I’m sure lots of them do, even hermits and spelunkers, but if you included bats in your answer, you may now go to the head of the class!
And thus, if Great-Uncle Jack got a lung disease in a cave, it was NOT TB, because TB is spread from person to person — it neither lurks nor lives in caves all by its lonesome. Histoplasmosis, on the other hand, does exactly that.
So it’s possible G-U J, in fact, did not have and die of tuberculosis. TB was rampant in the early to mid- 20th century (which powered the Glory Days of My Home Town). So he could have contracted it anywhere — which he couldn’t have done with histoplasmosis.
Since I’m known for my dogged pursuit of Truth, I interrogated my brother mercilessly.
“So you’re positive he couldn’t have gotten it from the cave or an open fire?” I asked.
“I am,” he said.
“How about getting it from the cave AND an open fire? Is that possible?” I said.
“No,” he said.
“Not ever?”
“No,” he said.
“You’re sure?” I said.
“As sure as I am that you’re a pain in the prat,” he said.
“So there’s absolutely no way he coulda gotten it from the cave?”
Finally, his legendary patience didn’t just wear thin — it shredded.
“Dammit!” he snapped. “Enough is enough!”

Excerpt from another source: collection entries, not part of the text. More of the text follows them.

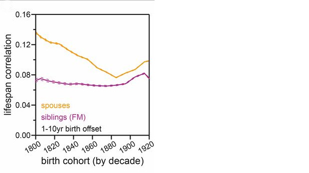Затем авторы работы изучили корреляцию продолжительности жизни у супругов и выяснили, что она была выше, чем у братьев и сестер разного пола.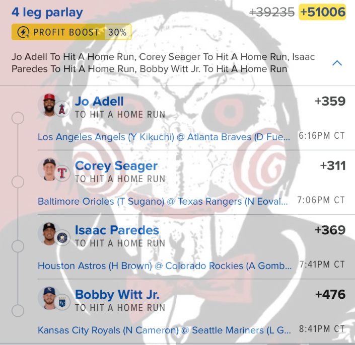 7/2 HR Parlay Discover more from JigsawBets Subscribe to get the latest posts sent to your email. Type your email… Subscribe Share this: Share on X (Opens in new window) X Share on Facebook (Opens in new window) Facebook Like Loading... Related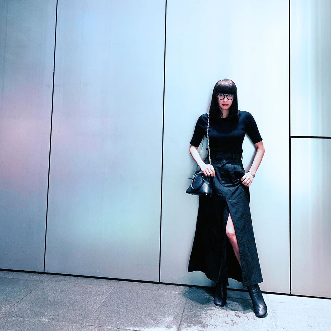 写真は、体を横に向けた浅田さんが凛としたまなざしでカメラ目線を送っているものと、正面を向いて腰に手を当てたポーズを取っているものの2枚。かけている眼鏡や、肩から下げているかばん、ブーツなど、浅田さんの服装は全て黒色で統一されています。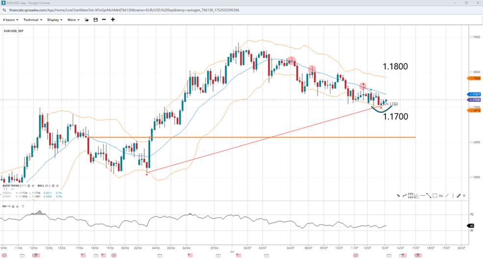 Stock markets witnessed losses at the open, with . The UK’s FTSE escaped the red, as the UK has already signed a trade deal with the US. The automotive sector led losses in Europe, as the threat of tariffs would be on top of the levies on car imports, affecting Germany in particular. German Chancellor Friedrich Merz has been pushing for a quick resolution to the negotiations. The semiconductor sector was also on the backfoot after Broadcom decided not to go ahead with a factory in Spain. However, this may soon change as Dutch lithography firm ASML is in focus ahead of its earnings report on Wednesday, 16 July. Traders look to gauge the effect of the threat of tariffs on the semiconductor industry, which has helped support rising stocks lately.

He took some deep breaths and waited till the bulging vein on the side of his head was no longer in danger of exploding.
“Look,” he said, “I don’t know everything about medicine,” he said. “So, yeah, he COULD have gotten TB from that cave.”
After all his apparent certainty, I was completely taken aback.
“Really?” I said.
“Yeah, really, Bozo,” he said. And then adding his coup de grace, he said, “Provided he’d shared the cave with a tubercular Mexican.”